[Math] Is $\mathbb R$ with usual topology a Hausdorff space

Question

$\mathbb R$ with usual topology is a Hausdorff space. By the definition of Hausdorff space, for any two distinct point in $\mathbb R$ we can find disjoint neighbourhoods… Now consider the set $A$=$\{{{1}\over{n}}\}$ where $n\in \mathbb N$. We know that the sequence $\{{{1}\over{n}}\}$ converges to "$0$". Clearly $0$ does not belong to $A$, that is every point in $A$ and the point $0$ are distinct. Hence by definition of Hausdorff space we can find a neighbourhood of $0$ which does not intersect $A$. This shows that $0$ is not a limit point.

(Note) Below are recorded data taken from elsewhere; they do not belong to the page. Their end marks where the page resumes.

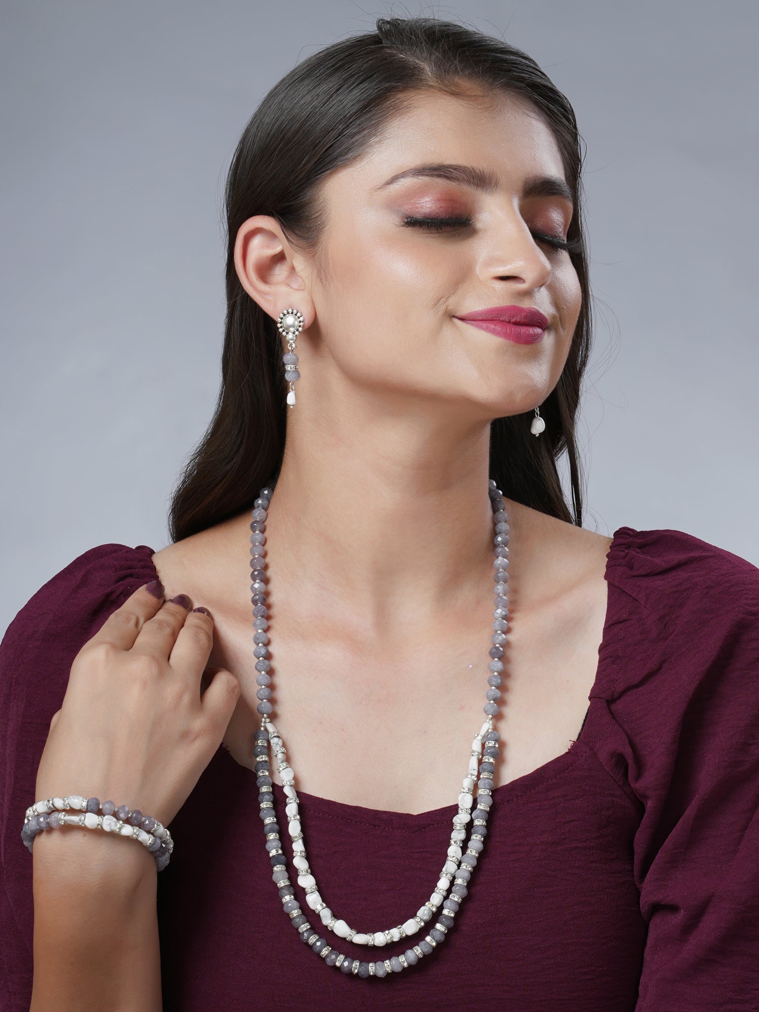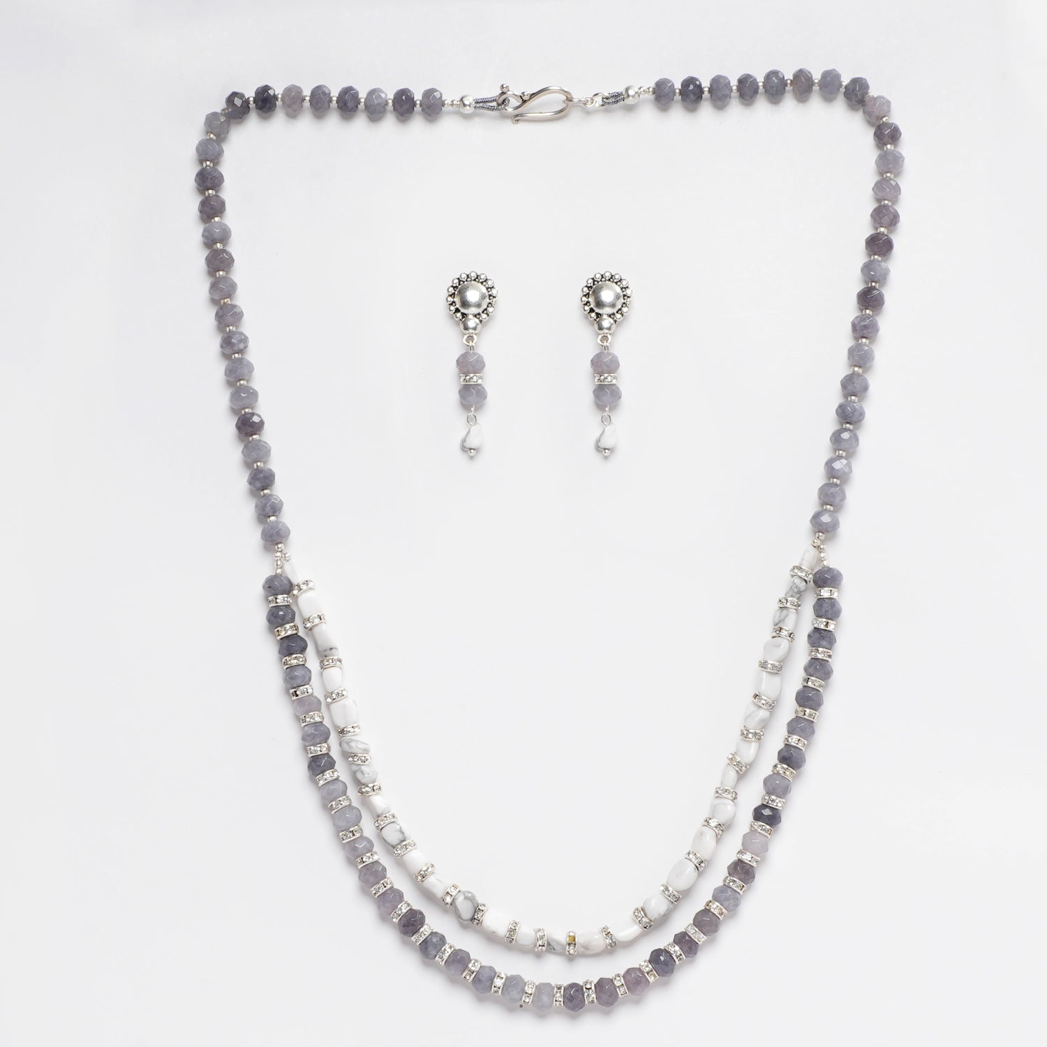 Elevate your style with this exquisite necklace and earring set, featuring the stunning combination of white howlite and grey jade.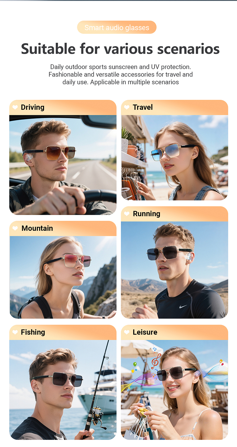 Experience next-generation wearable technology with our Smart AI Translator Bluetooth Sunglasses. Designed for driving, cycling, fishing, mountain climbing, traveling, business, and daily use, these glasses combine style with powerful functions. Enjoy Bluetooth calling, music playback, voice assistant, multi-language AI translation (customizable), and remote camera control. With UV400 anti-glare protection, life waterproof design, lightweight ABS+PC+metal frame, and 50mAh dual batteries.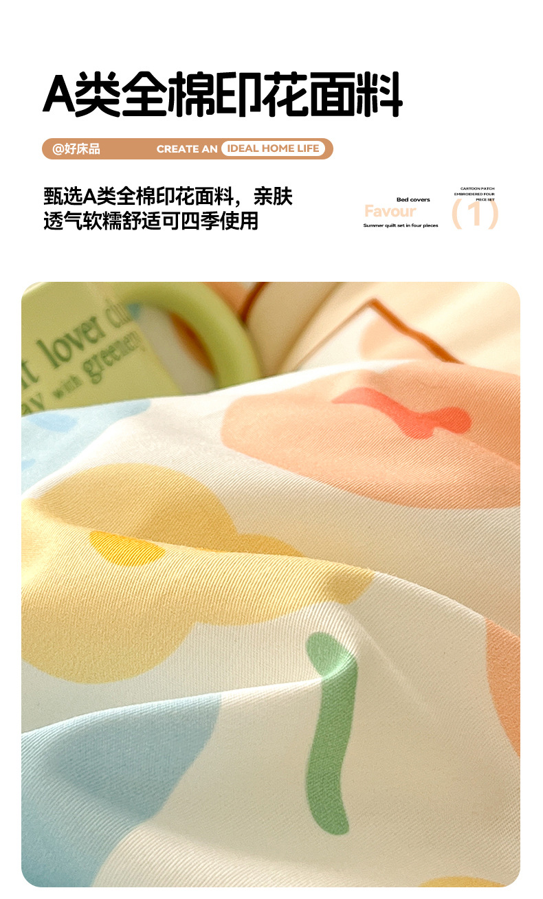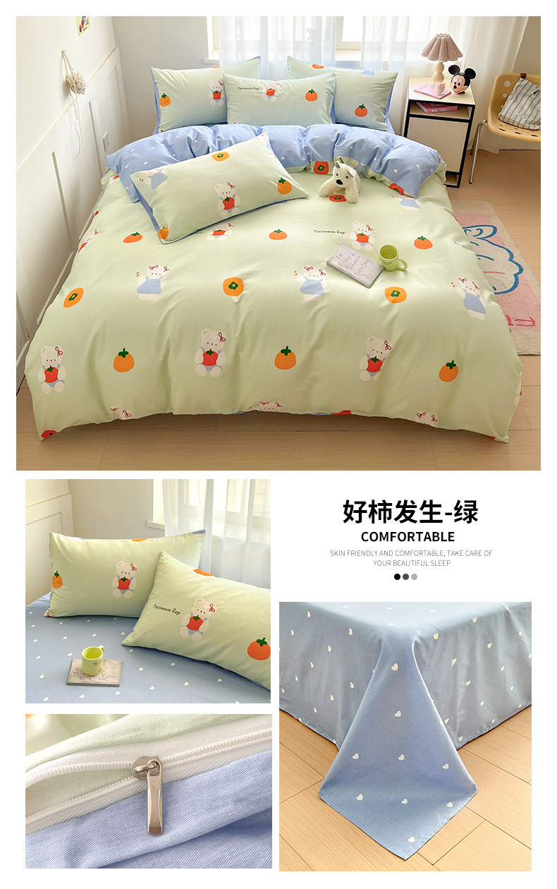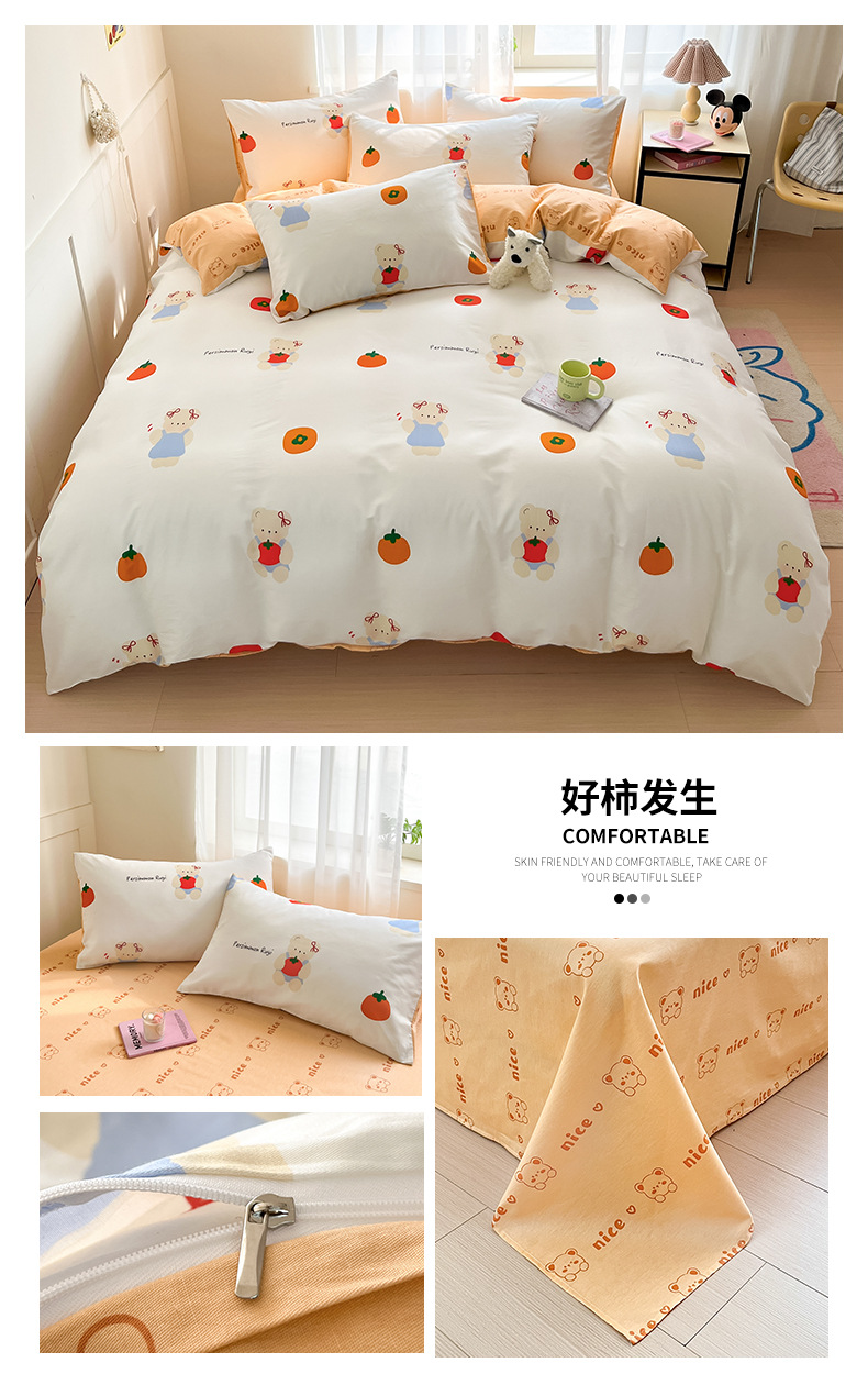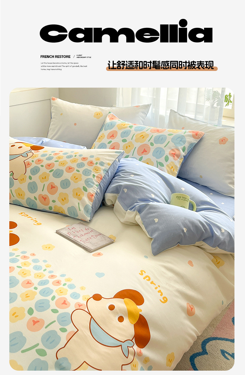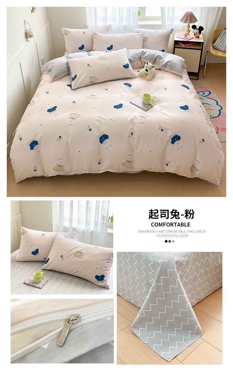 Algodón fresco no estático cuatro piezas de alta densidad ins viento dormitorio de estudiantes de dibujos animados cubierta de colcha de algodón A alto soporte de tres piezas

This is contradiction to ${{1}\over {n}}\rightarrow 0$. Is my opinion is correct? please spot where i make mistake?
my thought: consider every point in $A$ and the point $0$, we can get disjoint neighbourhoods because they are disjoint. In this way of thinking I am getting lot of complications.. what can I do?

Answer 1

You didn't take a point, you took a sequence of points. That's not just one point, that's infinitely many points.

Each $\frac1n$ and $0$ can be easily separated by the intervals $(-1,\frac1{4n})$ and $(\frac1{2n},2)$.